So, you’ve chosen an LLP (Limited Liability Partnership) for your business — smart move! LLPs give you the best of both worlds: the simplicity of a partnership and the safety net of limited liability. But with great flexibility comes… you guessed it — compliance.
One question that keeps many LLP owners scratching their heads is:
"Does my LLP need to be audited?"
The short answer: Maybe. The longer answer? Well, that's what this article is here for.
Let’s break down the audit requirements for LLPs in India — who needs it, who doesn’t, and why skipping it might cost you more than you think.
Think of an audit as a health check-up for your business — done by a financial doctor. The purpose is to ensure your LLP’s financials are honest, healthy, and in line with the law.
It’s not always mandatory, but just like skipping medical check-ups, skipping an audit (when needed) can lead to big trouble later.

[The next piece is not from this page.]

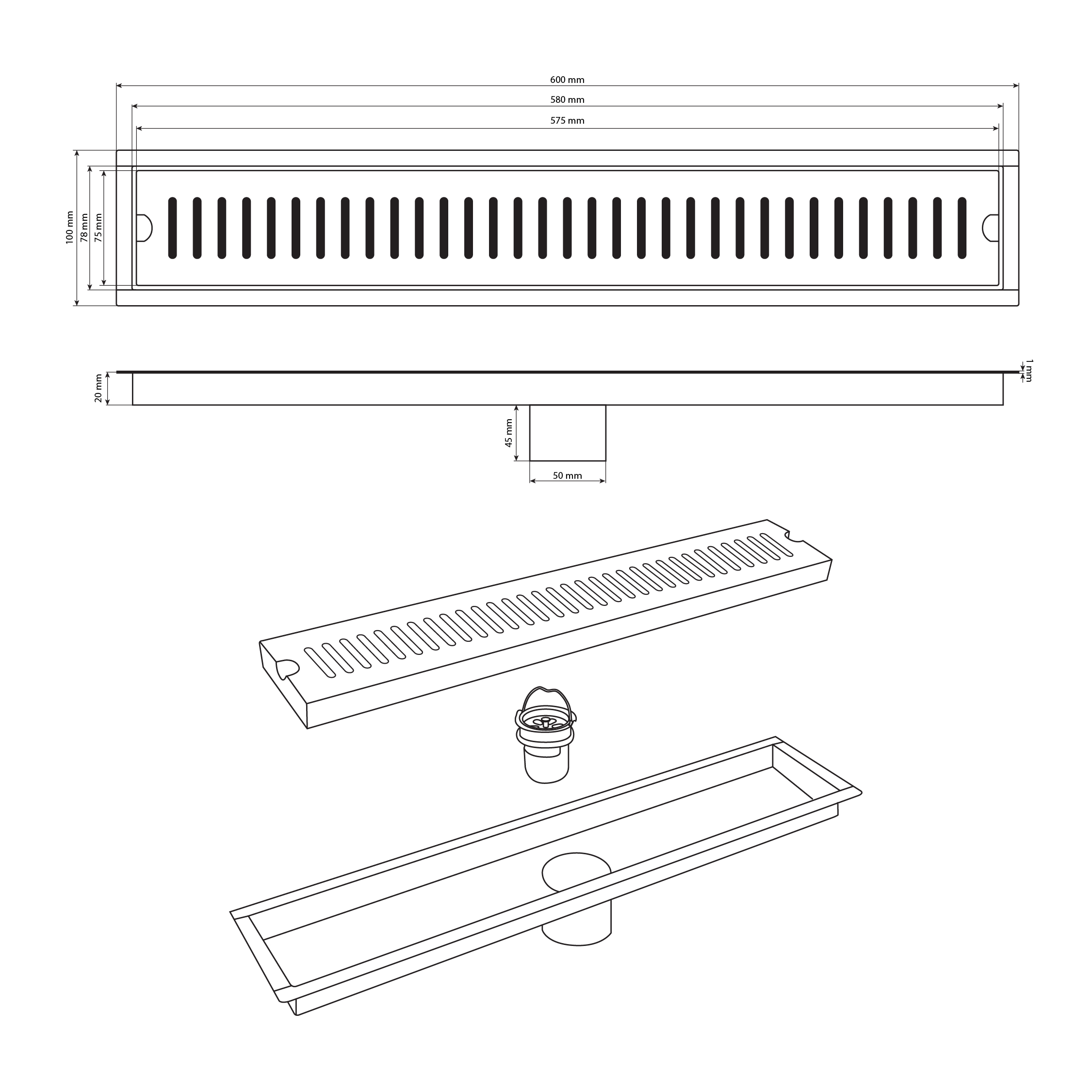 Душевой сливной трап из нержавеющей стали, линейный, вертикальный с гидрозатвором – это специальный элемент сантехнических коммуникаций, предназначенный для отвода воды в систему канализации. Как правило, душевые трапы устанавливаются непосредственно в пол. Благодаря небольшим габаритам и высоте душевые трапы идеальны для установки в душевых зонах. Это важно для организации пространства, где нет возможности установить классическую ванну: в малогабаритных квартирах, студиях, совмещенных санузлах и т.п. Габаритные размеры: высота 70 мм, ширина 100 мм, длина 600 мм, выход в канализацию 50 мм. Вес - 1,300 кг, объём - 0,00610 м3.

Audit rules for LLPs in India come from:
LLP Act, 2008
LLP Rules, 2009
Income Tax Act, 1961
And sometimes, your own LLP agreement!
Together, these laws decide when and how your LLP needs to get audited.
Under Rule 24(8) of the LLP Rules, 2009, your LLP needs a mandatory statutory audit only if it crosses certain thresholds.
Here’s the magic formula:
✅ Your LLP must get audited if it meets either of the following conditions:
| Criteria | Threshold |
|---|---|
| Annual Turnover | More than ₹40 lakhs |
| Capital Contribution | More than ₹25 lakhs |
But don’t click away just yet — there’s more you need to know...
Example 1:
Ravi and Priya run a design agency under an LLP. Their total turnover this year is ₹52 lakhs, and their contribution is ₹10 lakhs.
➡️ Audit is mandatory (because turnover > ₹40L)
Example 2:
A tech consulting LLP has ₹30 lakhs in partner contribution but made only ₹25 lakhs this year.
➡️ Audit is mandatory (because contribution > ₹25L)
Example 3:
Two founders start an LLP with ₹5 lakh each and made ₹15 lakhs revenue.
➡️ Audit not required (under both thresholds)
Even if the LLP Act doesn’t mandate an audit, other laws might.
If your business income exceeds:
₹1 crore (for business)
₹50 lakhs (for profession)
👉 You’ll need a tax audit — separate from the LLP Act audit.
Earlier, LLPs crossing certain turnover under GST needed an audit. While the requirement is relaxed, scrutiny under GST is still active — so maintaining clean books matters.
Banks, investors, or clients may ask for audited accounts — especially when you're bidding for big projects or seeking loans.
💡 Pro Tip: A voluntary audit adds credibility, even when it’s not mandatory.
Only a Chartered Accountant (CA) in practice — and not your cousin who “knows Excel well” — can conduct a valid audit.
If you hire a firm of CAs, the signing must be done by a partner who holds a Certificate of Practice.
Ignoring audit requirements is like skipping seatbelts on the highway. You might get away with it — until you don’t.
Here’s what’s at stake:
Fines from ₹25,000 to ₹5,00,000
Trouble during tax assessments
Penalties under Income Tax Act
Disqualification of partners in extreme cases
Difficulty in raising funds or getting bank loans
✅ Is your turnover over ₹40 lakhs?
✅ Is your contribution over ₹25 lakhs?
✅ Is your business/professional income over ₹1 crore / ₹50 lakhs (under Income Tax)?
✅ Do you want to apply for a bank loan, grant, or tender?
If you said “yes” to any of the above — get audited.
Let’s say you’re under the threshold. Should you still get an audit done?
✅ Yes, and here’s why:
Boosts investor and client trust
Helps during due diligence
Reduces risk of tax scrutiny
Makes financial management easier
Gives you peace of mind
LLPs offer flexibility, but they’re not a “set it and forget it” structure. Understanding audit requirements helps you stay compliant, credible, and in control.
If your business is growing — and especially if you’re aiming for funding or expansion — treating audits as a tool rather than a burden can take you far.